Goal: Geometric OptimizAtion Libraries

(G)eometric (O)ptimiz(A)tion (L)ibraries

A JAX framework for statistical modeling grounded in information geometry and exponential families.

Overview

Goal provides machine learning algorithms that operate on statistical manifolds — spaces where every point is a probability distribution. By embedding the mathematics of information geometry directly into its type system, Goal ensures that operations respect geometric constraints and enables efficient, composable algorithms for inference, learning, and model evaluation.

Mathematical Foundation

An exponential family is a collection of distributions with densities of the form

\[p(x; \theta) = \mu(x)\exp(\theta \cdot \mathbf{s}(x) - \psi(\theta))\]

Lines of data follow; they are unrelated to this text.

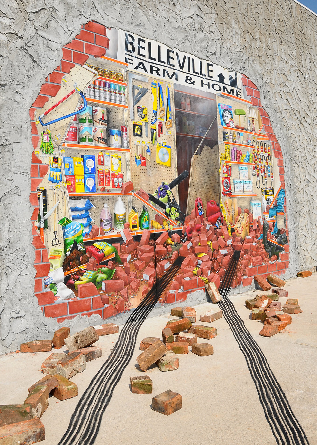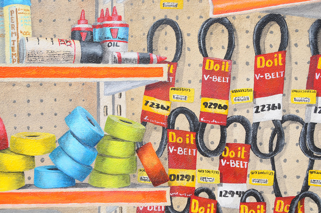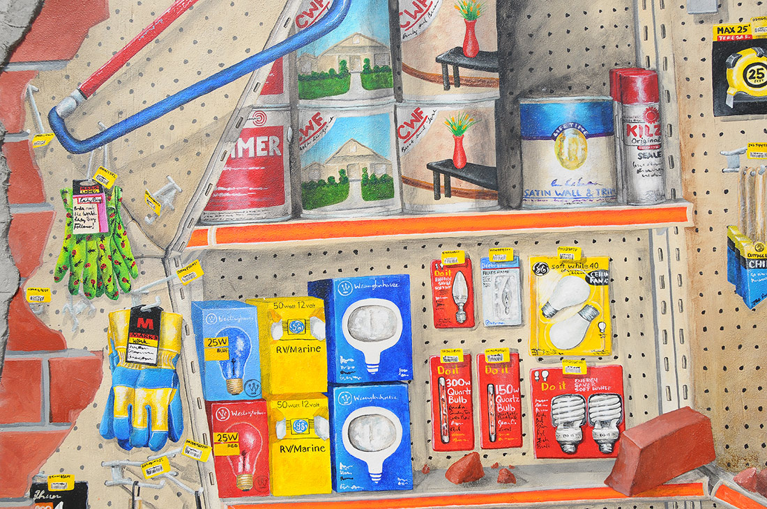 This is mural done for a local hardware store that wanted an attraction. I painted the mural on 3 sheets of 4x8 plywood and then installed the mural on a exterior wall.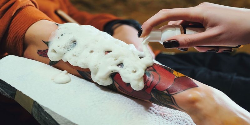 - توصیه به مشتری برای شستشوی روزانه ناحیه تتو با آب ولرم و صابون ملایم.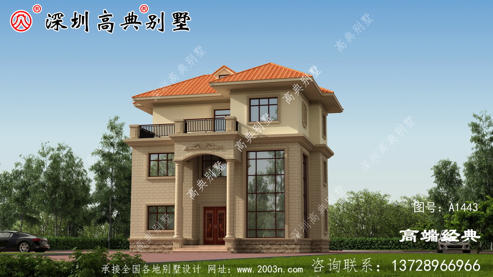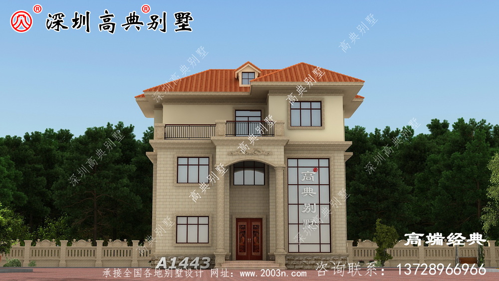 A1443号别墅设计图纸及效果图介绍: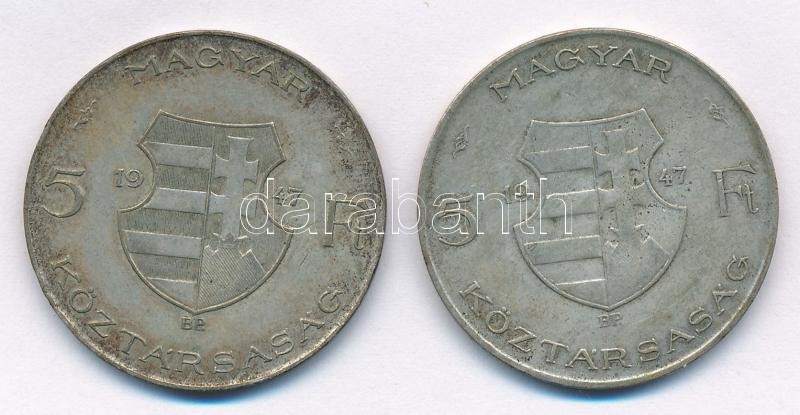 1947. 5Ft Ag "Kossuth" (2x) T:2-,3 patina Adamo F8.1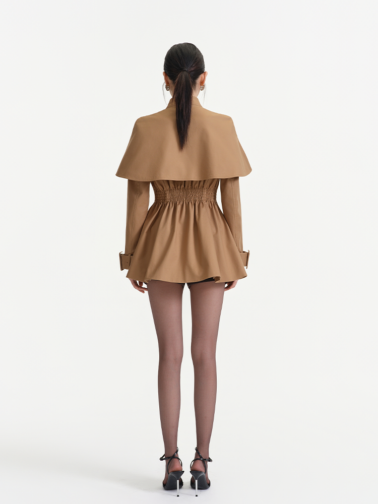 Khaki Cape Style Waist Cinched Trench Coat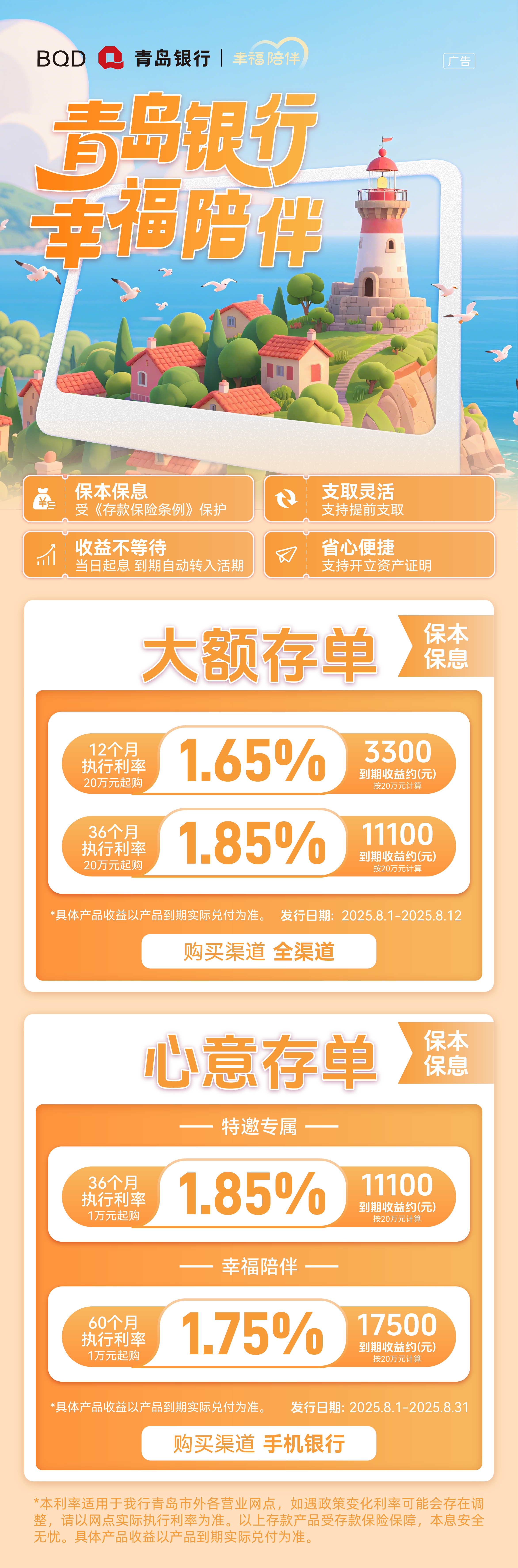 青島銀行幸福陪伴,8月份保本保息存單活動(dòng)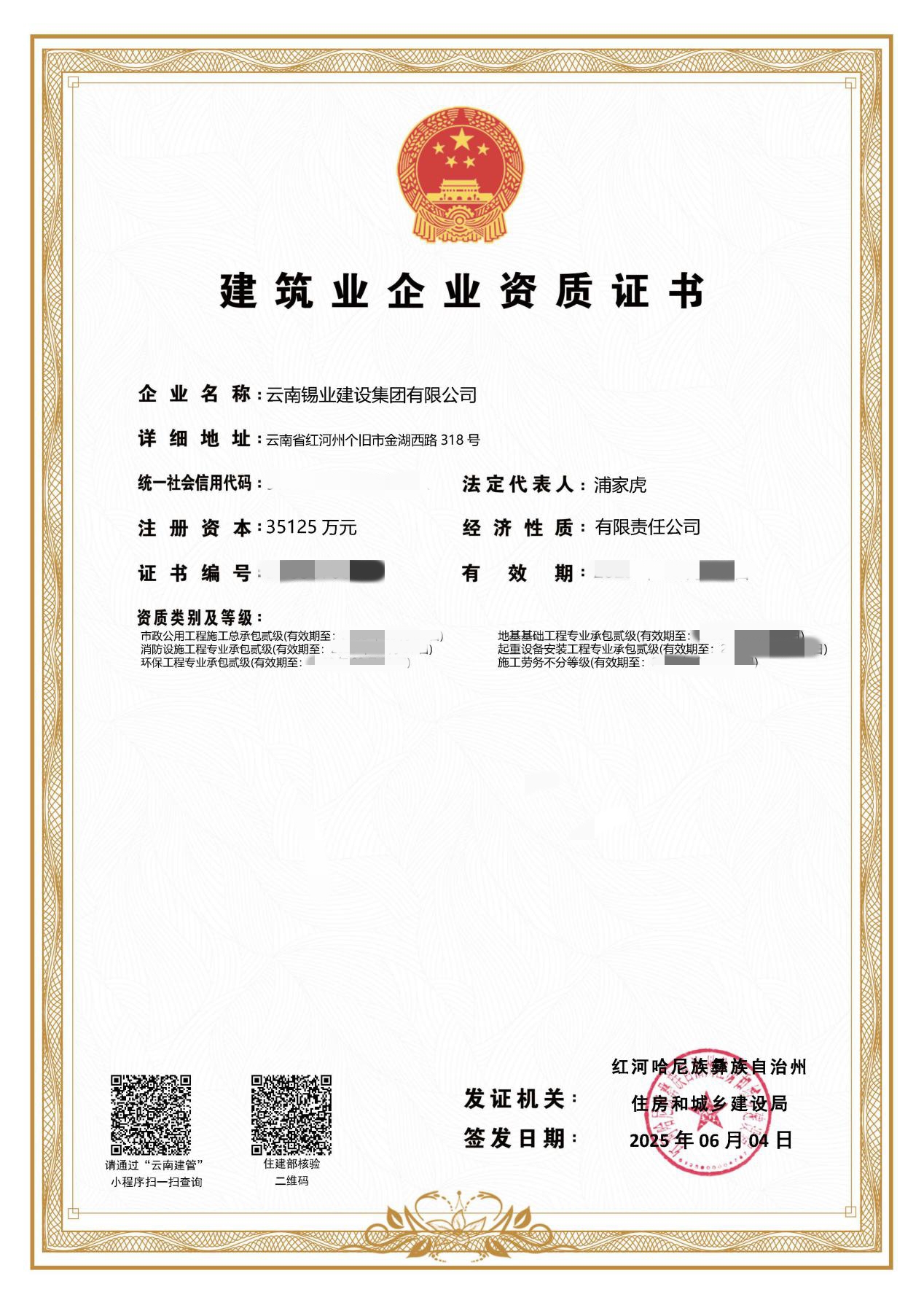 近日,锡都实业公司下属单位云锡建设集团有限公司2025年度资质延续工作传来捷报,其市政公用工程施工总承包贰级、起重设备安装工程专业承包贰级、地基基础工程专业承包贰级、环保工程专业承包贰级四项资质顺利通过审核,成功延续。此次资质延续不仅彰显了公司在工程建设领域的深厚积淀,更为企业进一步开拓市场、提升行业影响力提供了坚实保障。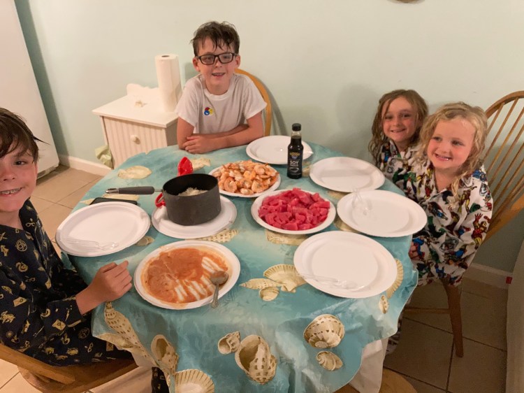 Vacation FUN Part 2 in Galveston, TX as โRADโ as possible with 2 sets of twins (fraternal 4 yr old girls & identical 12 yr old boys). Fresh Maguro (Tuna) Sashimi, Boiled Gulf Shrimp & Rice for dinner then capping it off with doing our nails RAINBOW style! ![]()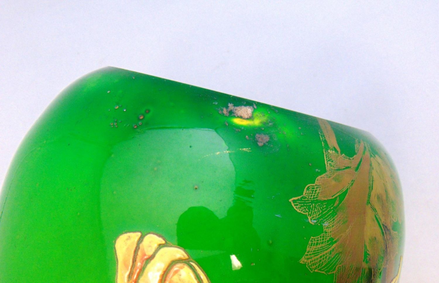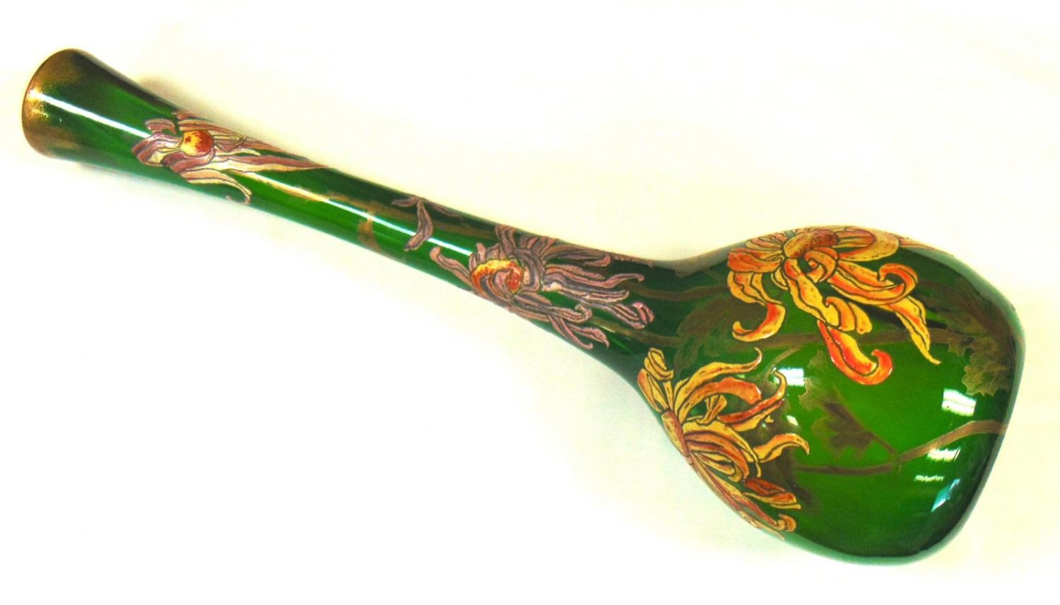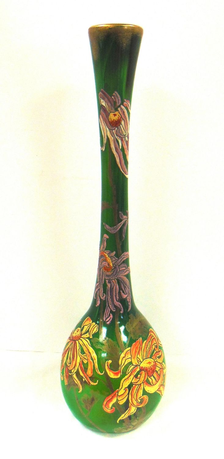 Bulbous stick form Galle glass vase in cased green glass decorated with heavy enameled purple and gold flowers on gilt leafy stems, etched signed Galle depose, 26" ht. Condition: good with some rubbings, see picture.

where \(\theta\) are the natural parameters, \(\mathbf{s}(x)\) the sufficient statistic, \(\mu(x)\) the base measure, and \(\psi(\theta)\) the log-partition function. These families carry a dually flat Riemannian structure: the natural parameters \(\theta\) and mean parameters \(\eta = \nabla\psi(\theta)\) form dual coordinate systems connected by Legendre duality.

Library Structure

The library is organized in two packages: geometry (abstract mathematical machinery) and models (concrete statistical distributions).

Geometry

The geometry package provides two layers:

  • Manifold Subpackage — Geometric primitives: manifolds, matrix representations, embeddings, and linear maps. A manifold is a stateless object that pairs a dimension with operations on flat JAX arrays.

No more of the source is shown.